### Listed entries
========================================================================

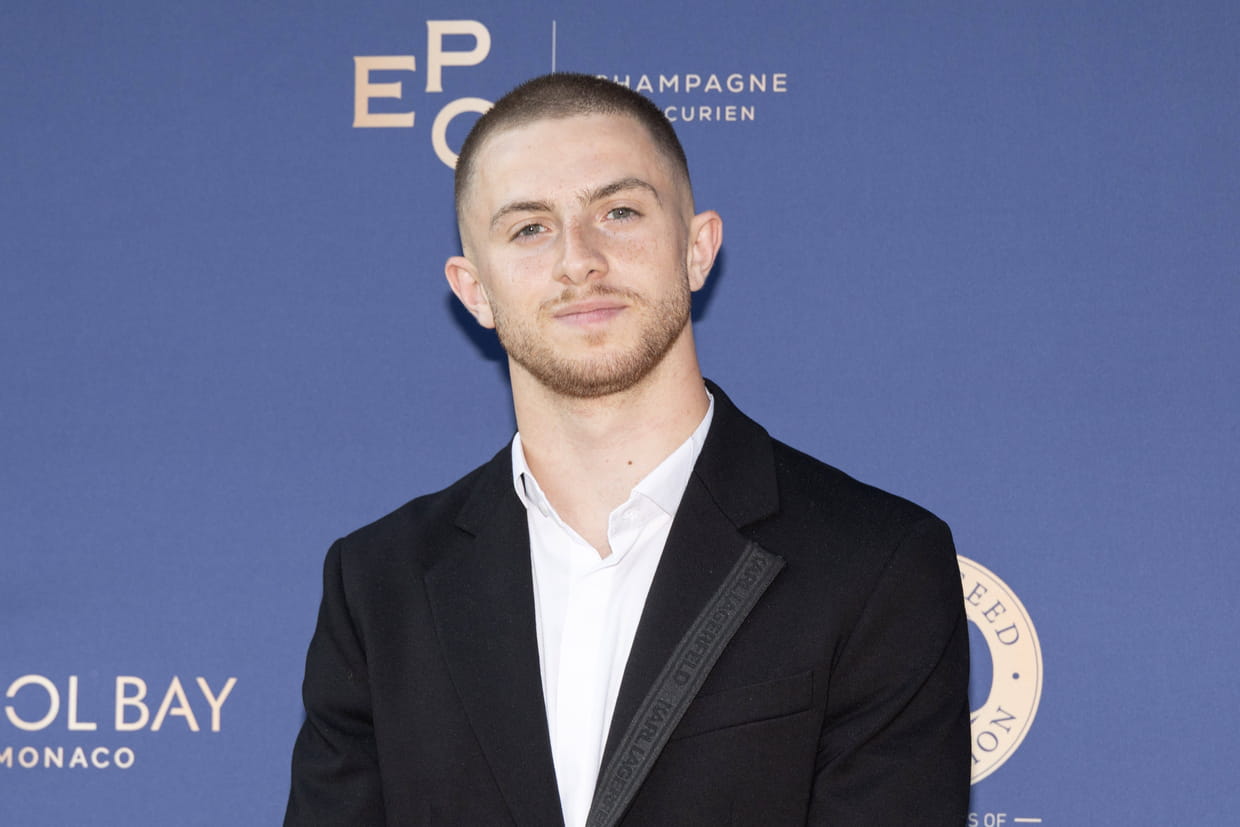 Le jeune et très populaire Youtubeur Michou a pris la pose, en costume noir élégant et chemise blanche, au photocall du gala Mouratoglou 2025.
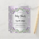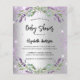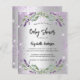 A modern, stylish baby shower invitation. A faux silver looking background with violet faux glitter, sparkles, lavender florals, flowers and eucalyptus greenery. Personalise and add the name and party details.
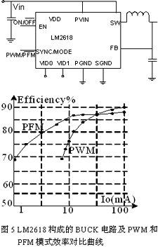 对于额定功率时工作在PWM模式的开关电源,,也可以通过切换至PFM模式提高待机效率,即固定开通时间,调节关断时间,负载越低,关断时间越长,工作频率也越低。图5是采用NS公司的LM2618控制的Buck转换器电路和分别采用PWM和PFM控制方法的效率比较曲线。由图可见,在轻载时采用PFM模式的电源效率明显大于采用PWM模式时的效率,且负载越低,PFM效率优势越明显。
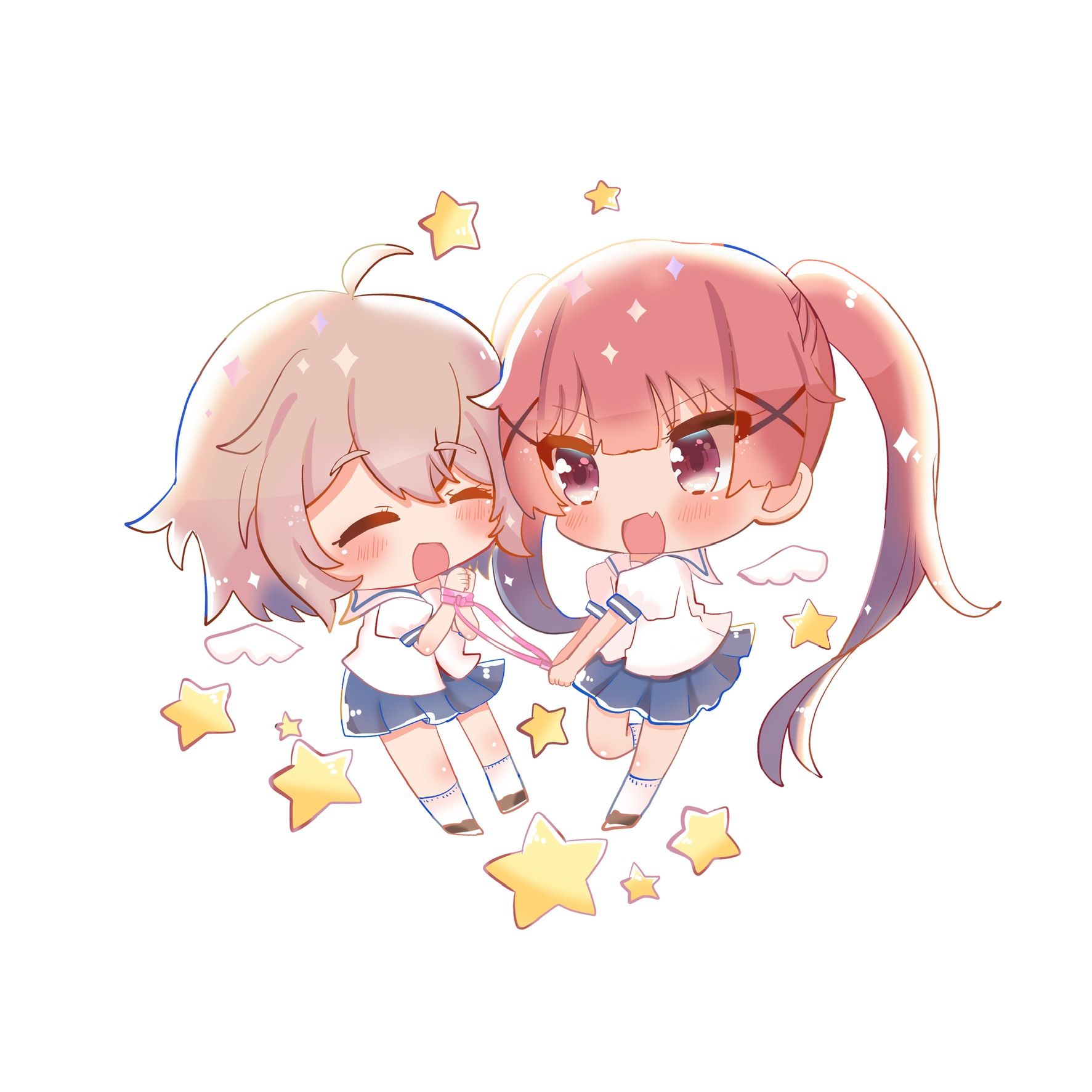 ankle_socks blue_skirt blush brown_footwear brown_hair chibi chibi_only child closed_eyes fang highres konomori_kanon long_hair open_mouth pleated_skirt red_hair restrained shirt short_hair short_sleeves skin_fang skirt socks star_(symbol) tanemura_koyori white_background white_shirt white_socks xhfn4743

========================================================================

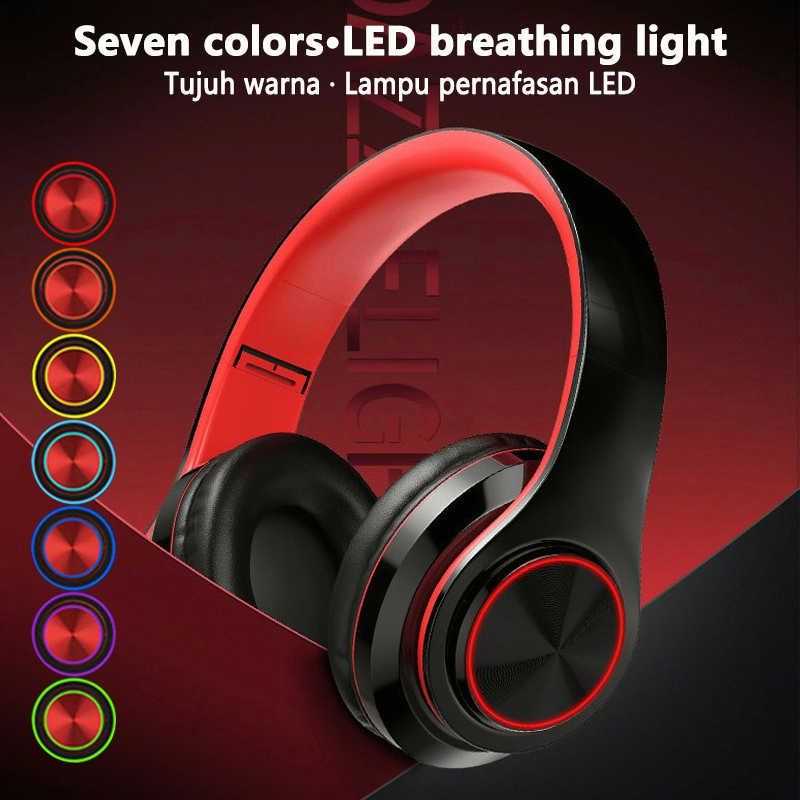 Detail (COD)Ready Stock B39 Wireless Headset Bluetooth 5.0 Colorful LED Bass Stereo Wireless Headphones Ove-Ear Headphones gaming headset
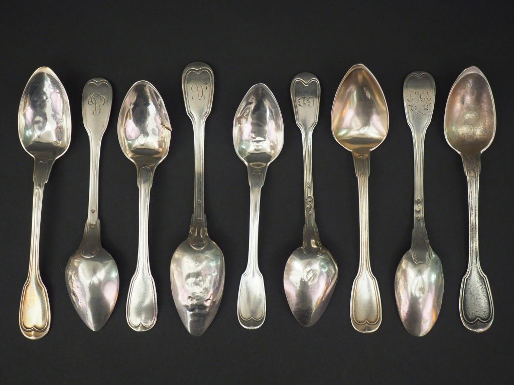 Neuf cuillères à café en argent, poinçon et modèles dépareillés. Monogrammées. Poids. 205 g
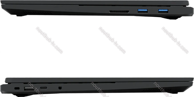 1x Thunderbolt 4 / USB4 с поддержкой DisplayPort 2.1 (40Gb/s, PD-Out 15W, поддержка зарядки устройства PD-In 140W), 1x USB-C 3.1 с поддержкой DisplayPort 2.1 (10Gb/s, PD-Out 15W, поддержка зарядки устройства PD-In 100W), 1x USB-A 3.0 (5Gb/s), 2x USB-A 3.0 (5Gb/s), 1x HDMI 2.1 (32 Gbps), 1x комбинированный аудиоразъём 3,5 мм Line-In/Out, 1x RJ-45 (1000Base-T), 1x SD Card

========================================================================

Range to copy from the listing above: the line containing "Neuf cuillères à" down to the line containing "1x Thunderbolt 4", both included. Reproduce it exactly, minus the pictures, and add nothing.

 Neuf cuillères à café en argent, poinçon et modèles dépareillés. Monogrammées. Poids. 205 g
 1x Thunderbolt 4 / USB4 с поддержкой DisplayPort 2.1 (40Gb/s, PD-Out 15W, поддержка зарядки устройства PD-In 140W), 1x USB-C 3.1 с поддержкой DisplayPort 2.1 (10Gb/s, PD-Out 15W, поддержка зарядки устройства PD-In 100W), 1x USB-A 3.0 (5Gb/s), 2x USB-A 3.0 (5Gb/s), 1x HDMI 2.1 (32 Gbps), 1x комбинированный аудиоразъём 3,5 мм Line-In/Out, 1x RJ-45 (1000Base-T), 1x SD Card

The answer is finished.